Posters

Presenting Author

Elyssa Ruvio

Presenting Author Academic/Professional Position

Undergraduate

Academic Level (Author 1)

Undergraduate

Discipline/Specialty (Author 1)

Population Health and Biostatistics

Academic Level (Author 2)

Other

Academic Level (Author 3)

Other

Academic Level (Author 4)

Faculty

Discipline/Specialty (Author 4)

Population Health and Biostatistics

Academic Level (Author 5)

Faculty

Discipline/Specialty (Author 5)

Population Health and Biostatistics

Presentation Type

Poster

Discipline Track

Community/Public Health

Abstract Type

Research/Clinical

Abstract

Background: Heat stress in humans can lead to heat-related illness and disproportionately impacts low resource communities who are more likely to experience risk factors for heat exposure. For instance, the heat and health index, a national tool, ranks the South TexasMexico border region as being at high risk for heat related adverse health outcomes. Extreme heat events are described as periods of high heat and humidity with temperatures above 90 degrees for at least two days. Understanding who is experiencing heat stress and to what extent, is important when planning and designing interventions aimed at preventing negative heat related health outcomes in low resource communities.

Methods: A cross-sectional study using the modified Subjective Heat Stress Survey (SHS) was conducted (n=296). The SHS measures individual, social, and urban built factors to assess heat stress across conditions of daily life using a 5-level Likert Scale (not at all to very strong). In July 2019, community members living in Hidalgo County that attended an emergency preparedness exercise seeking free health services were invited to participate in the survey. Surveys collected data on sociodemographic, health environmental and neighborhood factors and included the SHS. Descriptive statistics were estimated for all factors measured and chi-square and Spearman’s correlation coefficients (p<0.05) were used to measure the unadjusted associations between heat stress and each factor. SAS 9.4 was used to perform all analyses.

Results: Most survey respondents were female (78%), 18-39 years of age (52%), reported an annual household income less than $10,000 (57%) and reported somewhat strong/very strong heat stress in general (52%), at home (29%) and at work (30%). Respondents frequently reported experiencing heat stress during leisure activities (n=118), when outside (n=128), in their neighborhood (n=130) and at their city center (n=118). Positive linear associations were observed between heat stress in general (r=0.31) and at home (r=0.34) with the number of selfreported comorbid chronic health conditions. Younger ages were more likely to report somewhat strong/very strong heat stress at home (p-value=0.0543) and at work (p-value= 0.0251). Those 18-29 years (29%) and 30-39 years (24%) reported somewhat strong/very strong heat stress more frequently at work when compared to older ages.
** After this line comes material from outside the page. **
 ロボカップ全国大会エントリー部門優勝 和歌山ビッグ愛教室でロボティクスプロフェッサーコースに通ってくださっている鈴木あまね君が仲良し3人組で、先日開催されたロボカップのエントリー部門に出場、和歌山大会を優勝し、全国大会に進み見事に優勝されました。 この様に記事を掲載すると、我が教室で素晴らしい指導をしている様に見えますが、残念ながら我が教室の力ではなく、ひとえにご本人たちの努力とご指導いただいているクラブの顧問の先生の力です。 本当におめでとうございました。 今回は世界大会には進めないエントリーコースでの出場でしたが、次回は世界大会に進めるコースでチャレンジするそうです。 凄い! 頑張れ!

An increasing number of neighborhood concerns (e.g. loud noise, litter, not safe to walk alone) was also found to be associated with experiencing somewhat strong/very strong heat stress in general (p-value = 0.0215). Seventysix percent of respondents reporting more than 10 neighborhood safety concerns reported experiencing somewhat strong/very strong heat stress in general.
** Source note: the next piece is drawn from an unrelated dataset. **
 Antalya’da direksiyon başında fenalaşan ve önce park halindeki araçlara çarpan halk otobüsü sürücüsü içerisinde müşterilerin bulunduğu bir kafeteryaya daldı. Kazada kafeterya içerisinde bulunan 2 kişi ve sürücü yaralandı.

Conclusion: Unadjusted linear associations were observed between subjective heat stress and age, number of chronic health conditions and neighborhood safety. Further exploration of low resource communities living along the Texas-Mexico border could help inform the allocation of resources or programmatic activities aimed at ameliorating subjective heat stress in general, at home and at work.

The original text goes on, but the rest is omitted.